AdvancedLiterateMachinery icon indicating copy to clipboard operation
AdvancedLiterateMachinery copied to clipboard

Geolayoutlm, effect of image

Open HoomanKhosravi opened this issue 1 year ago • 3 comments

Hi thank you for your great work.

I was wondering if you have tested the effect of the image on accuracy of SER and RE resutls? (compared to text and layout) When I overwrite the image to a matrix of zeros, the accuracy of the model seem almost unaffected. seem like the image has no contribution to the final result. I'm looking forward to hear your thoughts on this.

Best, Hooman

HoomanKhosravi avatar Mar 19 '24 23:03 HoomanKhosravi

Hi @HoomanKhosravi, do you have any updates on this? I have similar suspicions but haven't had the chance to replicate your experiment yet.
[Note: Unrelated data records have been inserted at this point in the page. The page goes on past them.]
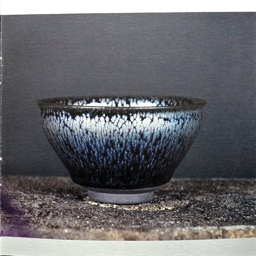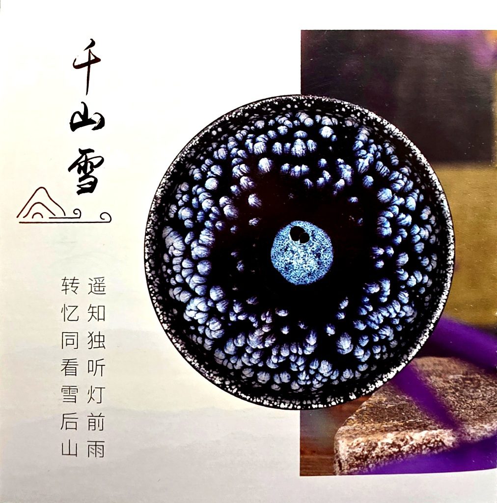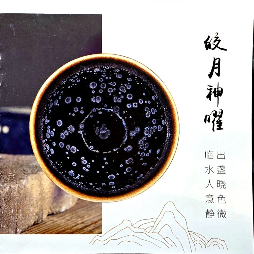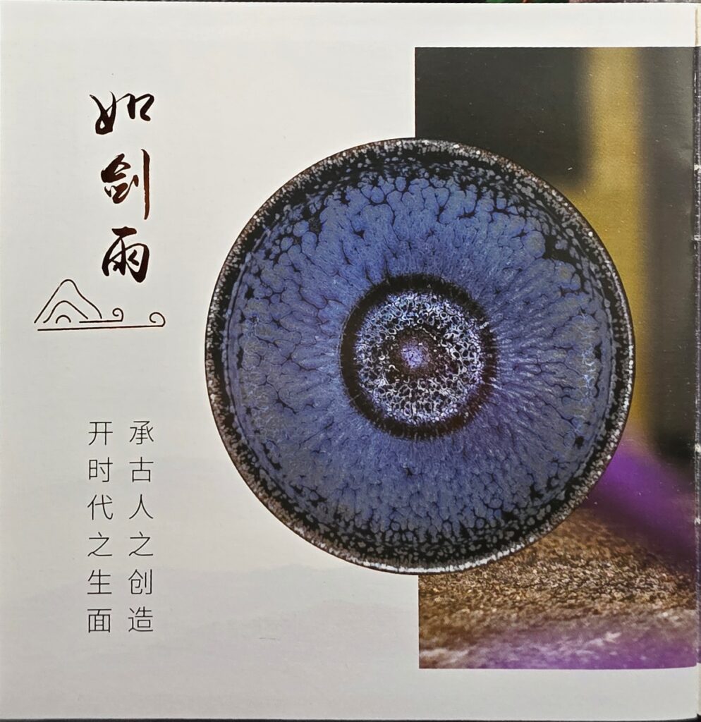 下图展示了郑德平老师的几款代表作,包括曜变油滴盏《皎月神曜》、蓝曜变盏《如剑雨》以及典型的鹧鸪斑油滴风格作品。每一只盏都体现了其对建盏美学的深刻理解与数十年技艺的沉淀。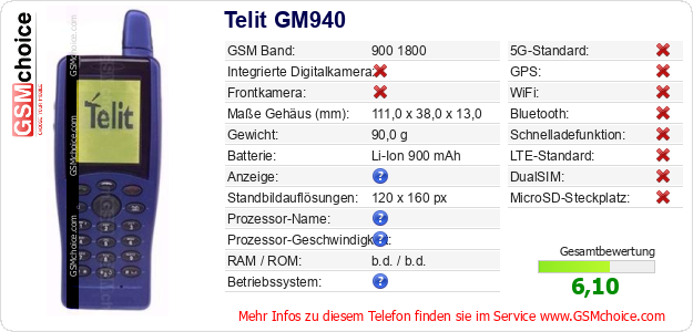 Hast du eigene Webseite? Willst du die Informationen über Standarddaten des Handys Telit GM940 irgendwo veröffentlichen? Das ist sehr einfach. Du kannst das Bild herunterladen oder kopieren und auf der Webseite folgenden Code hinzufügen:Das Einfügen von diesem Code verursacht das Anzeigen von dem folgenden Bild: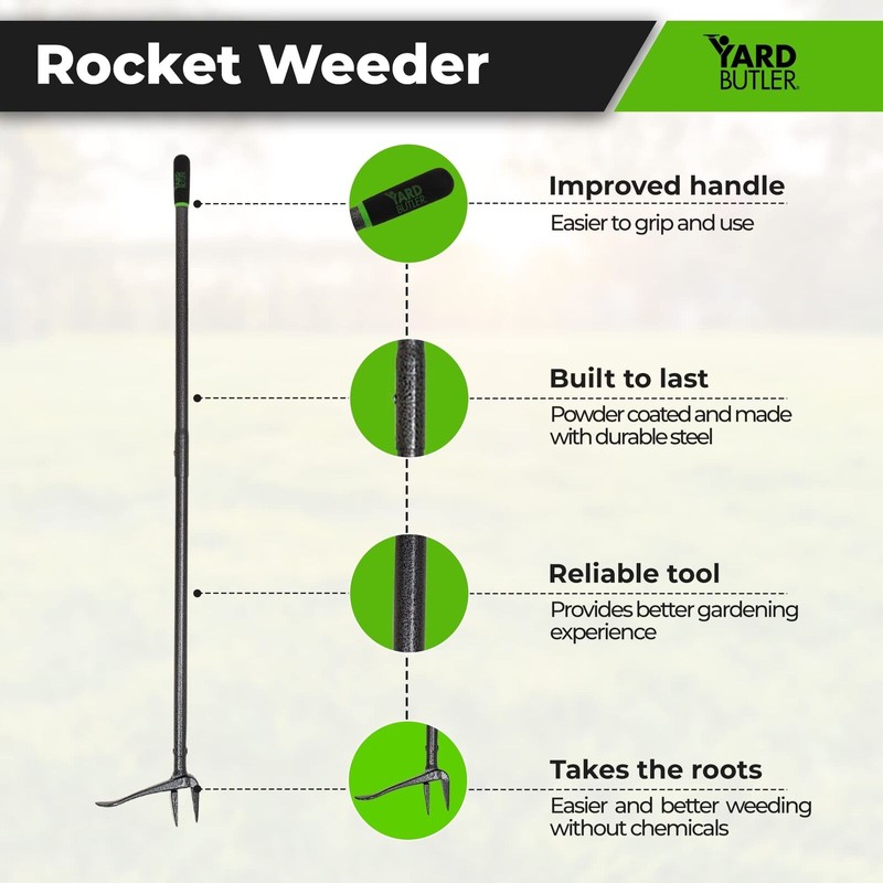 Introducing the Yard Butler Rocket Weeder IRKT-1000KDS, the ultimate dandelion and weed extractor tool for your lawn and garden. This handheld tool allows you to effortlessly pull weeds from their roots without ever having to bend over. Say goodbye to back ache and sore knees with our standup weeder tool. Its unique design makes it the perfect garden weed pulling tool, allowing you to easily extract even the toughest weeds with minimal effort. The Yard Butler Rocket Weeder is the perfect solution for any homeowner or gardener looking to maintain a pristine lawn. Featuring a comfortable grip and a sturdy build, our stand up dandelion puller is a must-have for any gardening enthusiast. The weeder tool for garden stand up is specifically designed to provide maximum leverage, making it easy to pull out weeds from any angle. Whether you're looking for a garden weed pulling tool or a dandelion puller tool stand up, the Yard Butler Rocket Weeder has got you covered. This weed puller tool is a reliable and effective solution for maintaining a beautiful and healthy lawn. Don't settle for a subpar weed puller tool. Choose the Yard Butler Rocket Weeder RKT-1000 for an efficient and comfortable gardening experience.

MayStepanyan avatar Aug 29 '24 07:08 MayStepanyan

@MayStepanyan when running the provided eval, just set the image array to a matrix of zeros. you'll see insignificant change in the outcome

HoomanKhosravi avatar Aug 29 '24 20:08 HoomanKhosravi

I replicated this for my task, i.e. replacing the images with an array of zeros didn't affect the accuracy of the model. I also tried removing every module from GeoLayoutLMVIE except for .text_encoder -> this didn't affect the accuracy either, meaning that the task might be easy enough to solve with text encoder only.

It's important to note I solve a labeling only task, without entity linking.

@Wangsherpa @yashsandansing any clues?

MayStepanyan avatar Sep 09 '24 07:09 MayStepanyan